Thank you; if any additional information is necessary, I’m ready to provide it.

I think that’s probably OK.

In your browser, open the “Network” tab of the inspector tools and refresh one of your site’s pages.

You should see a request for the styles.css file. Is that there?

If so, what is the response to the request? 200? 404? Something else?

Also, what is the URL of the styles.css as requested by the browser?

Mr. Phil Gyford,
It appeared to be Not OK, I deleted ‘django_project’ from STATICFILES_DIRS, as it pointed to the project’s main folder, not the root one, where CSS-file is located; after that the program started to locate CSS-file properly once again.

Concerning the problem with alignment, I’ve agreed with myself on display: grid option, because display: flex one stretched the form onto the whole page, putting the form into the middle, and that’s not what I wanted.
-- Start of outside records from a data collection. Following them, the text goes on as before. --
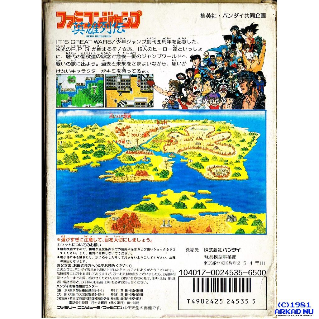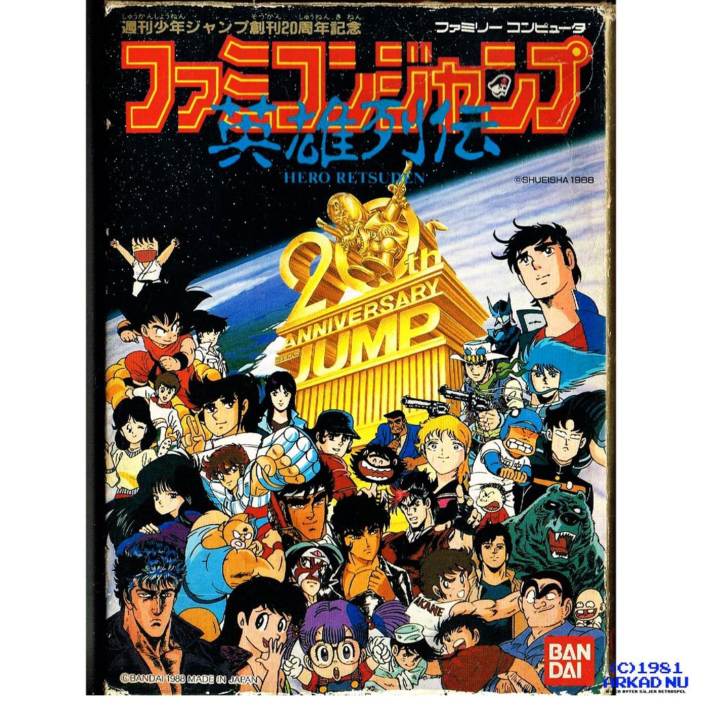 Famicom Jump: Hero Retsuden (Famikon Janpu Hīrō Retsuden, the subtitle translates to "Heroes History") is a 1988 role-playing video game for the Family Computer (Famicom/NES) published by Bandai. The game commemorates the 20th anniversary of Shueisha's manga anthology Weekly Shōnen Jump.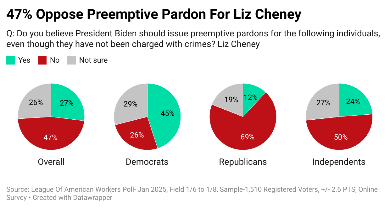 Liz Cheney’s potential pardon divides Americans. While 26% support it, 47% oppose it. Republicans show strong resistance (69%), while Democrats (45%) are more supportive. Independents lean slightly against, with 50% opposed.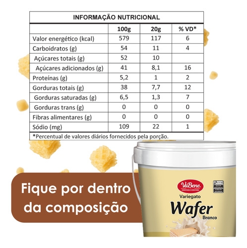 3- O sabor é de chocolate branco? Não. É um creme com sabor característico de wafer branco, leve e adocicado.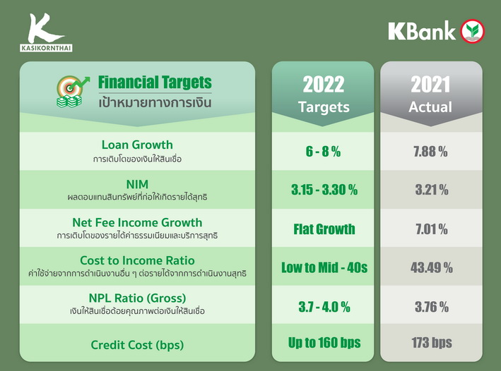 • การเติบโตของเงินให้สินเชื่อ (Loan Growth) ที่ 6-8% จากการเติบโตสินเชื่อในกลุ่มลูกค้าบุคคลและกลุ่มลูกค้าธุรกิจเอสเอ็มอี โดยเน้นการนำเสนอผลิตภัณฑ์สินเชื่อผ่านช่องทางดิจิทัลเพิ่มขึ้น ควบคู่กับการนำข้อมูลมาใช้วิเคราะห์ในการปล่อยสินเชื่อ (Data Analytics) การร่วมมือกับพันธมิตร และการเติบโตสินเชื่อในภูมิภาค AEC+3 อีกทั้ง ธนาคารยังคงให้ความช่วยเหลือลูกค้าที่ได้รับผลกระทบจากสถานการณ์โควิด 19 อย่างต่อเนื่อง ทั้งนี้ สินเชื่อลูกค้าบุคคลคาดว่าจะเติบโต 9-11% สินเชื่อธุรกิจเอสเอ็มอีคาดว่าจะเติบโต 4-6% และสินเชื่อบรรษัทธุรกิจคาดว่าจะเติบโต 1-3%

Grid setting put it to the small area in the upper-left corner, as I wanted it to be, and as it is the only option worked, I agreed to leave the form the grid way (inputs under labels, not near them).

<...>
.form-container {
  margin-left: 50px;
  margin-top: 10px;
  padding: 5px 5px 5px 5px;
  color: white;
}
.form-row {
  display: grid;
  align-items: left;
  justify-content: space-between;
  margin-left: 20px;
  margin-bottom: 20px;
}
.form-row label {
  width: 200px;
  text-align: left;
  margin-right: 10px;
  color: #FFFFFF;
}
.form-input {
  width: 200px;
}
.form-input input {
  width: 100%;
}
<...>

Now I’m struggling with another problem - I’m trying to implement changeable color themes on my site, and that’s a nightmare; but, I guess, I will have to open another topic to seek help for that.
Still, thank you very much for your help, I’ll put your message with the suggested CSS-layout as a solution.